Creating beautiful mountain scenes on her tapestry, Worden doesn't have to look further than the windows of her Tennessee home for her inspiration. "I like to weave the things that I'm familiar with--`scenes from around the house or from the mountains," she says. "These are things that I've grown up with and that I know about, and I'm comfortable weaving these things." On the river, in a home she designed herself, Worden has surrounded herself with art. After earning an art degree from the University of Tennessee, she worked as a commercial artist in Atlanta for six years before returning to Tennessee to start a family.
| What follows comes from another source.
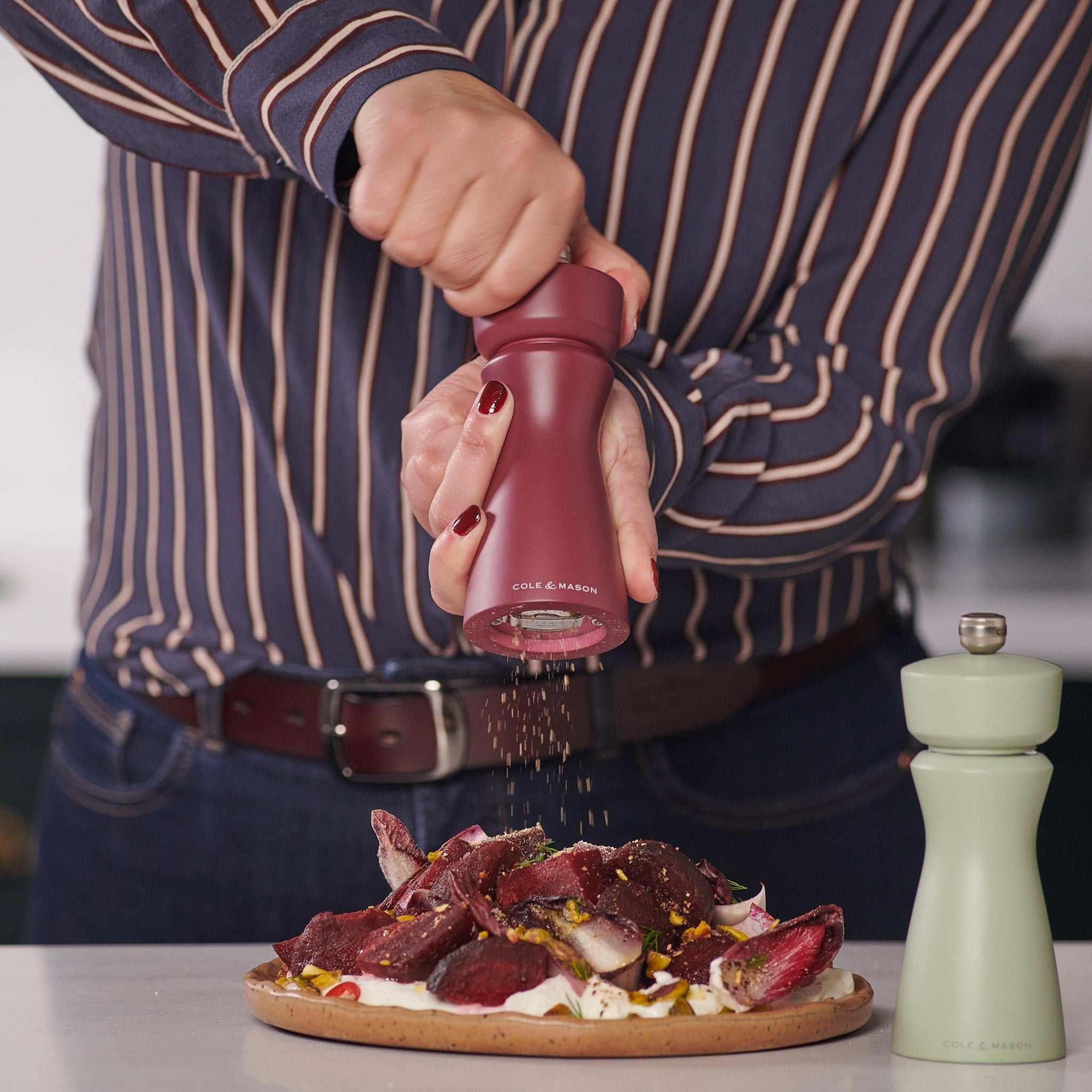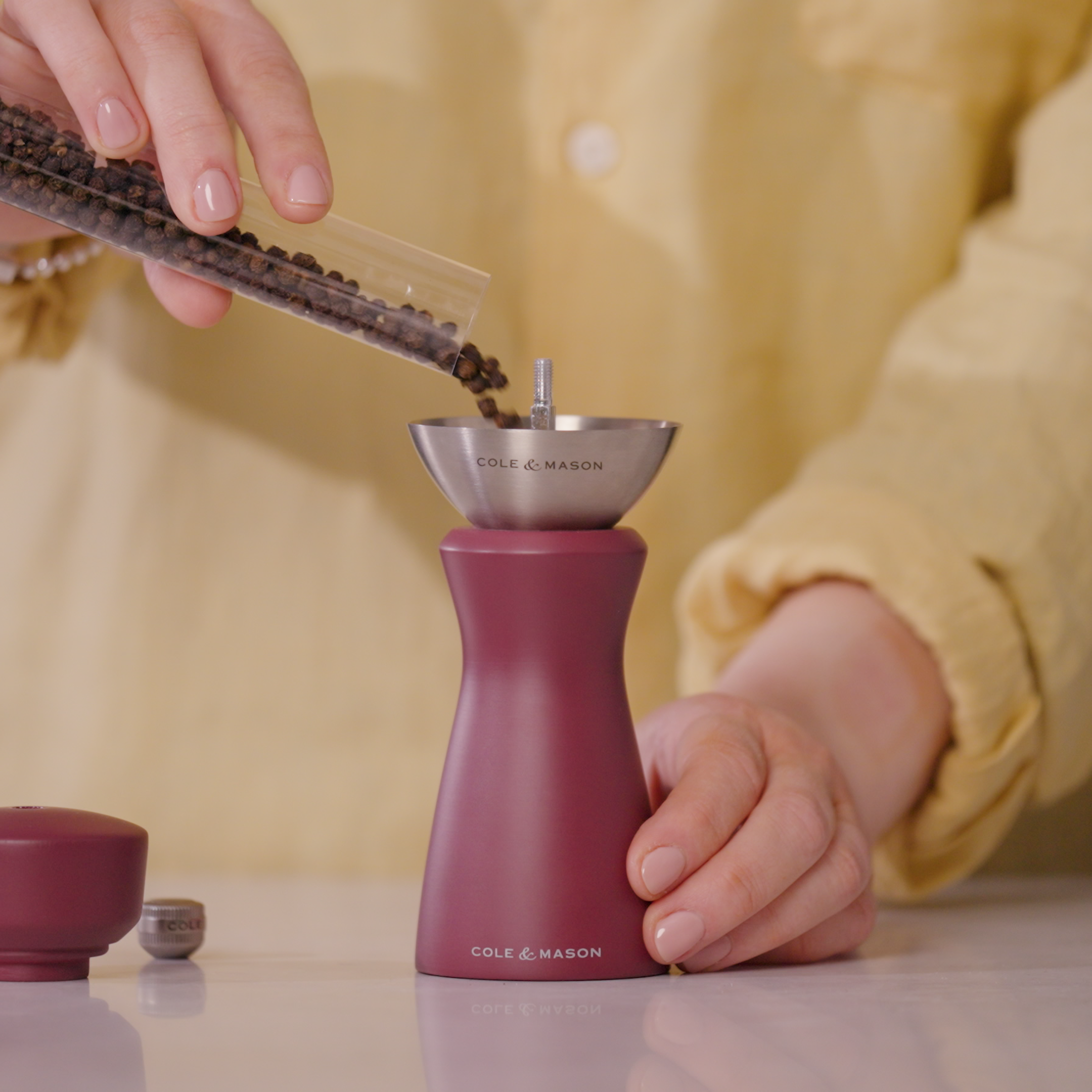 The Kenton Salt and Pepper Mill in Sichuan Pepper red finish combines expressive colour with everyday functionality. Featuring a ceramic mechanism suitable for both salt and pepper, this mill is sold as a singular mill and unfilled to let you decide what goes in. The deep, warm red tone makes a bold statement, while interchangeable knobs let you personalise each mill in the range. Ideal for kitchens that favour colour and character, this mill brings together custom style and long-lasting performance in one beautiful form.

Worden got her start in weaving when she convinced her husband to buy an old loom at a mountain auction. Her first project was to weave a blanket for her first child. Up until that time, Worden had focused her artistic abilities on painting. She uses that ability to aid in her tapestry work. "I see weaving as painting with yarn," she says. She often uses her paintings as ideas for her tapestries.
Worden designs her own unique cardboard looms that she can take anywhere and that are the perfect size to work with. She marks her cardboard six threads to the inch and then wraps kite string around the cardboard piece to create the loom. Using a wide variety of yarn colors, Worden says she is inspired by the colors themselves. The result is a needle woven piece of art that truly reflects the beauty of its inspiration.